The invention addresses significant barriers in systemic and cellular delivery of antisense therapeutics and other molecules, including poor survival in serum, non-specific accumulation in organs, inefficient cellular uptake, endosomal sequestration, lysosomal degradation, and toxicity associated with viral and non-viral vectors. The graft copolymer complexes offer a synthetic, structurally tunable platform that enhances delivery efficiency, intracellular release, and cytocompatibility. The pendent chains provide steric protection against enzymatic degradation and improve solubility and stability of delivery vectors, contributing to improved antisense oligonucleotide, siRNA, cationic peptide, and antibiotic molecule delivery.
Claims Coverage
The patent includes multiple inventive features centered on the composition, preparation, and therapeutic use of graft copolymer polyelectrolyte complexes.
Graft copolymer composition
Comprises an anionic graft copolymer with a poly(alkylacrylic acid) backbone and polyetheramine pendent chains covalently attached as amides of acrylic acid groups, with pendent chains predominantly of ethylene oxide repeating units and a graft density between about 0.1 and about 25 mole percent.
Incorporation of therapeutic agents
The complex includes one or more anionic, cationic or polyelectrolyte therapeutic agents, optionally combined with a liposome which can carry an additional therapeutic agent.
Backbone polymer identity and graft density
Preference for copolymer backbone comprising poly(propyl acrylic acid) or poly(methacrylic acid), with optional graft densities between about 0.5 and about 5 mole percent to optimize properties.
Functionalization with targeting ligands
Pendent chains can further comprise ligands targeting specific cells, tissues, or surfaces, including microbial biofilms, planktonic microbes, and bone tissue.
Therapeutic agent diversity
Therapeutic agents include cationic peptides (such as KSL-W, colistin, polymyxin B), peptide nucleic acids, aminoglycoside antibiotics (e.g., neomycin, gentamicin, tobramycin), oligonucleotides, nucleic acids, plasmid DNA, ribozymes, and small molecule drugs including anticancer, wound healing, tissue regeneration, antibiotic, imaging agents, fluorescent dyes, and quantum dots.

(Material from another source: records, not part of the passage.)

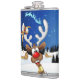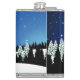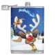 A Funny cartoon reindeer with a bright red nose and large white antlers, adorned with a red and gold bow, peeks through an open window. Outside, a snowy landscape with silhouetted pine trees and a small, glowing house is visible under a dark blue, star-filled night sky. Santa's sleigh pulled by reindeer is flying in the distance. The scene evokes a festive and whimsical Christmas atmosphere. Original Vector Art Copyright BluedarkArt TheChameleonArt.
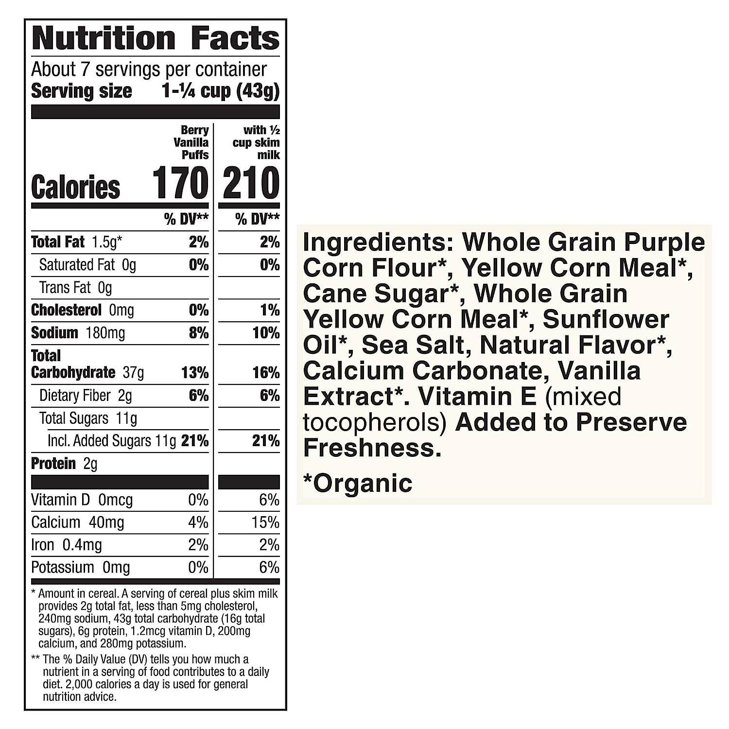 About this item VANILLA CEREAL: Made with organic whole grain puffs lightly sweetened with natural berry flavor NON GMO: Certified organic vanilla cereal made without GMOs ORGANIC SNACK: Made with high quality ingredients and contains no artificial flavors or artificial colors WHOLESOME INGREDIENTS: Made with 20 grams of whole grain (At least 48 grams recommended daily) BOX CONTAINS: 1 box, 10.5 oz
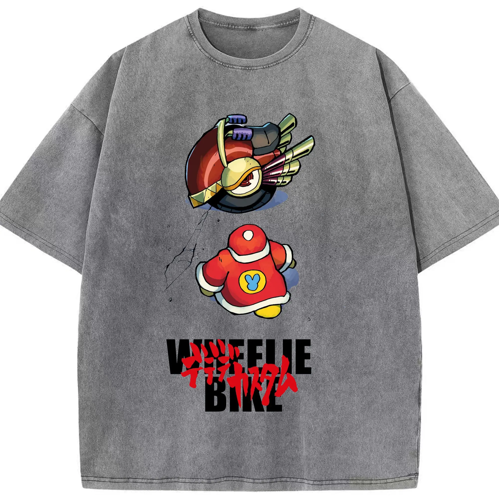 King Dedede retro t-shirt - Washed Vintage Look 230g Cotton Oversized T-Shirt With Front Heat Transfer Print – Soft, Lightweight, Stylish Fit – Comfortable Casual Wear For Sports & Everyday Use
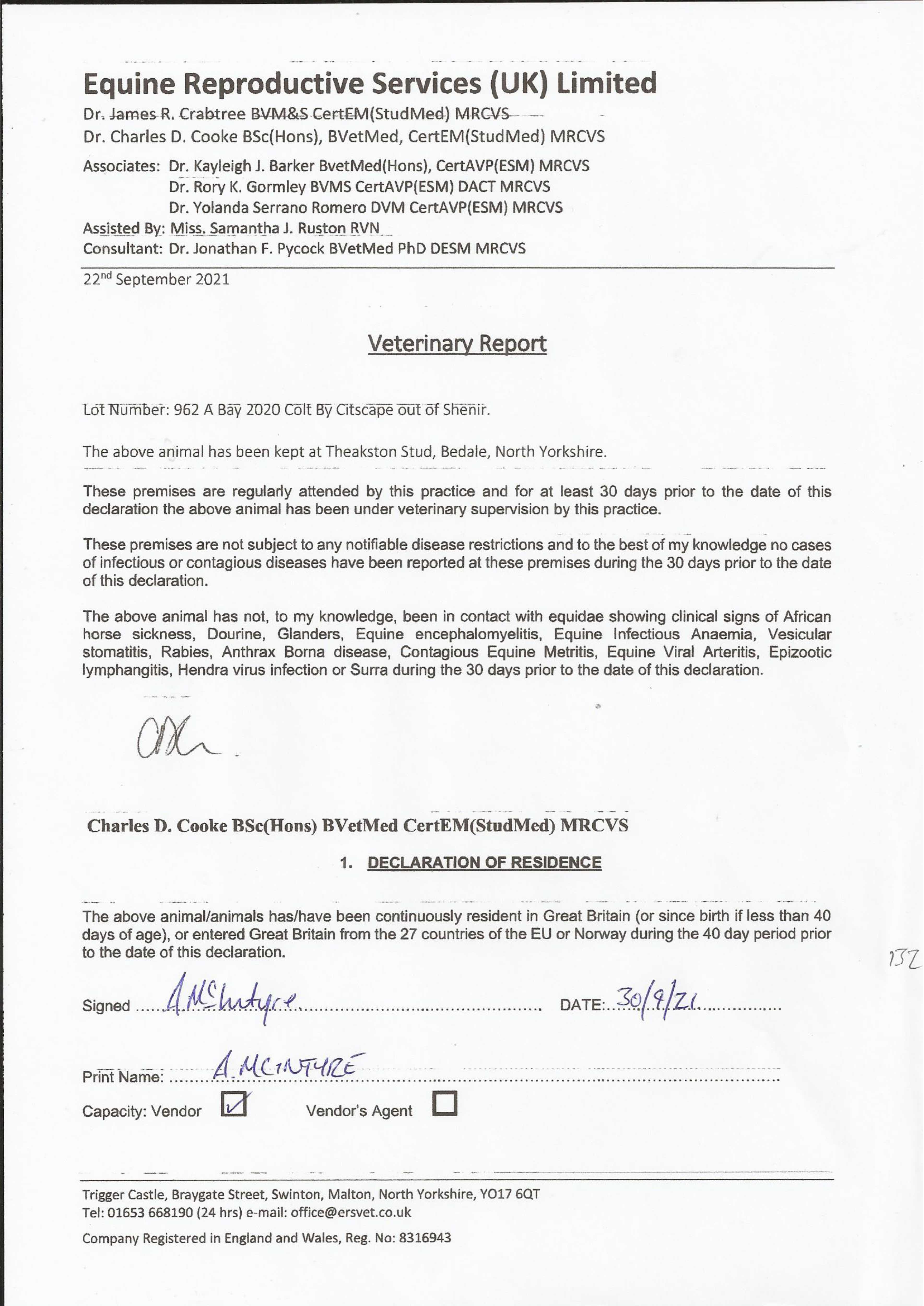 Contact: Andrew McIntyre ✆ 07867680143 ✉ theakstonstud@hotmail.com
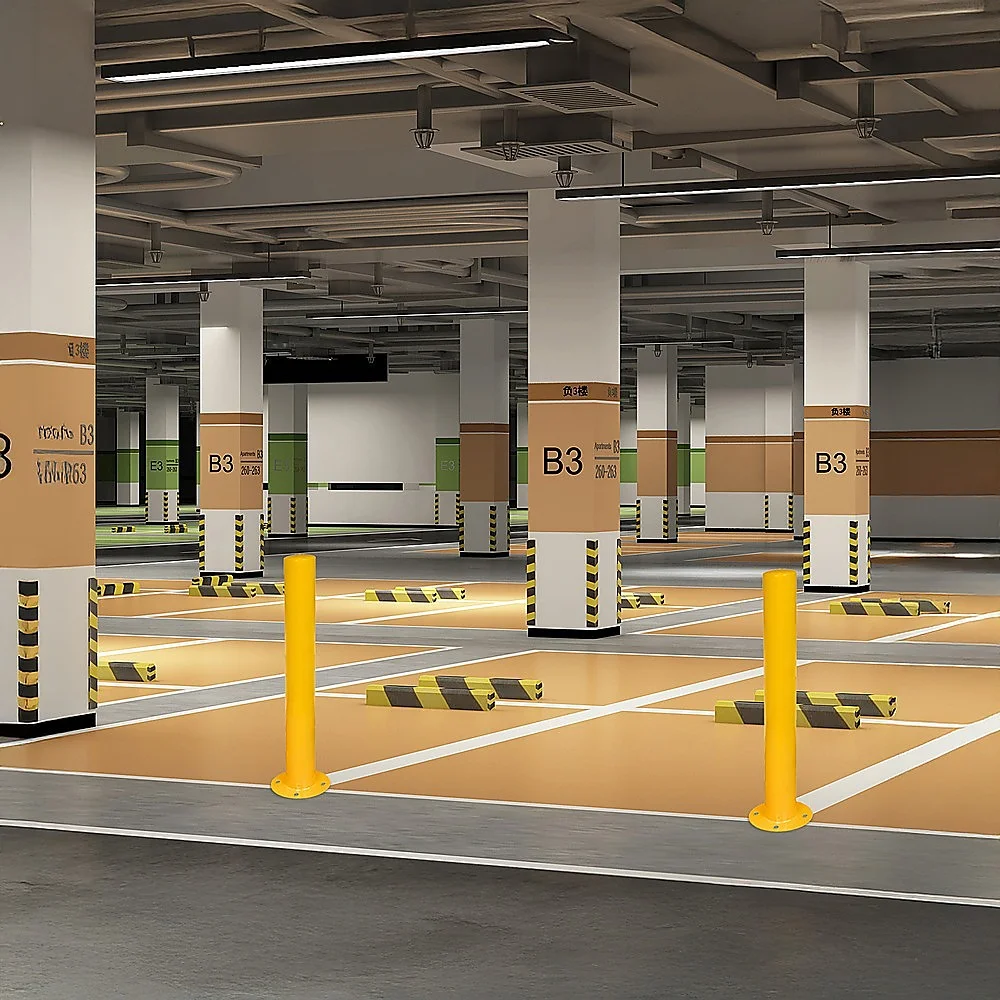 These Safety Bollards feature a heavy duty galvanised post and solid round mounting base plate.
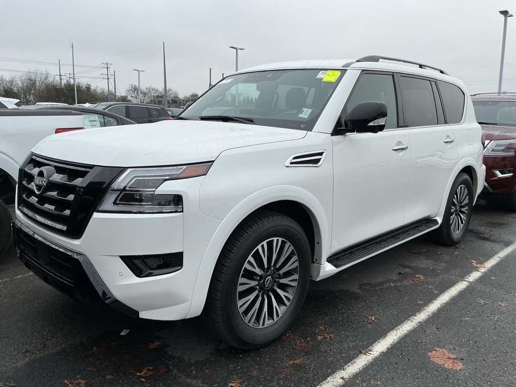 Introducing the 2024 Nissan Armada SL Midnight Edition in Aspen White, a commanding presence with its 4WD prowess and inimitable style. This capacious SUV, powered by a robust 5.6L V8 engine delivering a remarkable 400 horsepower, effortlessly conquers both city streets and rugged trails, promising you the power and control you demand from a premium SUV. The 7-speed automatic transmission ensures a smooth, confident ride, making every journey an exhilarating experience. Step inside and discover the captivating Midnight Edition Charcoal interior that blends comfort and sophistication. The first and second rows boast plush leather-appointed seating, highlighted by heated front bucket seats that cradle you in unparalleled comfort. The captain's chairs in the second row provide a touch of luxury and versatility, while the panoramic moonroof floods the cabin with natural light, enhancing every adventure you embark upon. Tech enthusiasts will revel in the Armadas state-of-the-art technologies. Equipped with NissanConnect and a navigation system, you're always connected and on course, no matter your destination. The Bose Premium Audio system featuring 13 speakers turns every drive into a concert, immersing you in crystal-clear, high-fidelity sound. Intelligent Around View Monitor and remote keyless entry add layers of convenience and safety, ensuring peace of mind at every turn. Safety is paramount in the Armada, with features like dual front impact airbags, an intelligent emergency communication system, and a comprehensive suite of stability controls that keep you and your loved ones protected on every drive. The backup camera further enhances your confidence, making parking and maneuvering effortless. Tailored for those who seek both luxury and performance, the 2024 Nissan Armada SL Midnight Edition is perfect for family adventures, weekend getaways, or sophisticated outings. Its bold black painted grille and roof rails exude a magnetic allure that captivates at first glance, while 20" alloy wheels complete its refined, athletic stance. Experience the harmony of power, style, and innovation. At Newton Nissan, we provide transparent pricing and a customer-friendly buying experience. Take the first step towards owning this remarkable SUV, and visit us today and let the Armada redefine your journey.
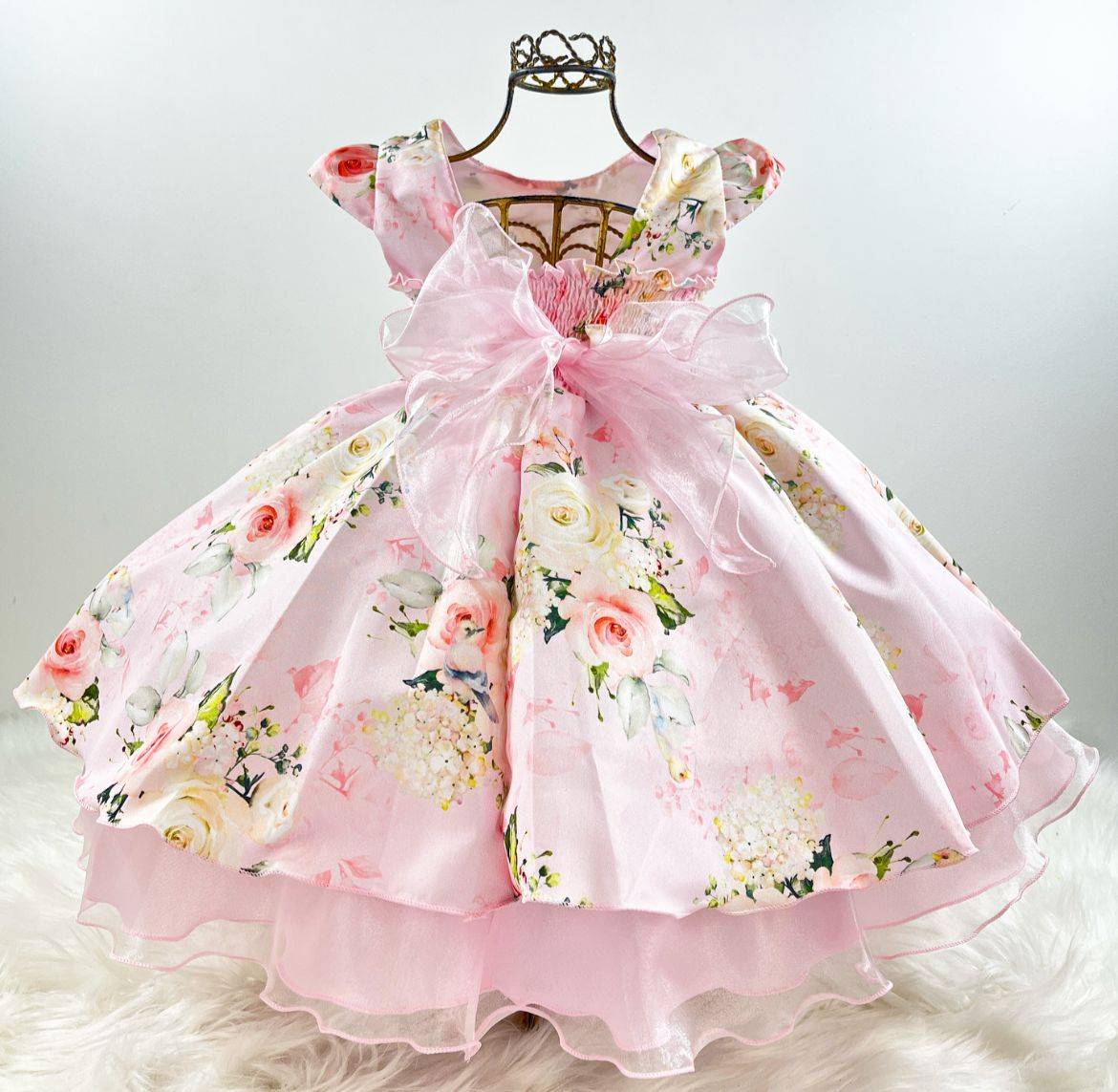 Vestido infantil manga curta com forro, estampa floral, cintura cintinho de pérolas sintéticas .Elástico nas costas ajustável ao corpo e laço.

Functional nanoparticles for delivery
Formation of functional nanoparticles comprising the graft copolymer polyelectrolyte complexes that enable delivery in vitro, ex vivo, or in vivo via oral, enteral, parenteral, or topical administration routes.
Preparation method
A method of preparing the complex by forming aqueous mixtures of graft copolymer, adding polyelectrolytes, optionally adding liposomes with therapeutic agents, and allowing self-assembly in aqueous medium to form nanoparticles.
Therapeutic methods
Methods of treating patients by formulating the complexes with pharmaceutically acceptable carriers and administering an effective amount, targeting conditions such as bacterial infections, cancer, wounds, and tissue regeneration.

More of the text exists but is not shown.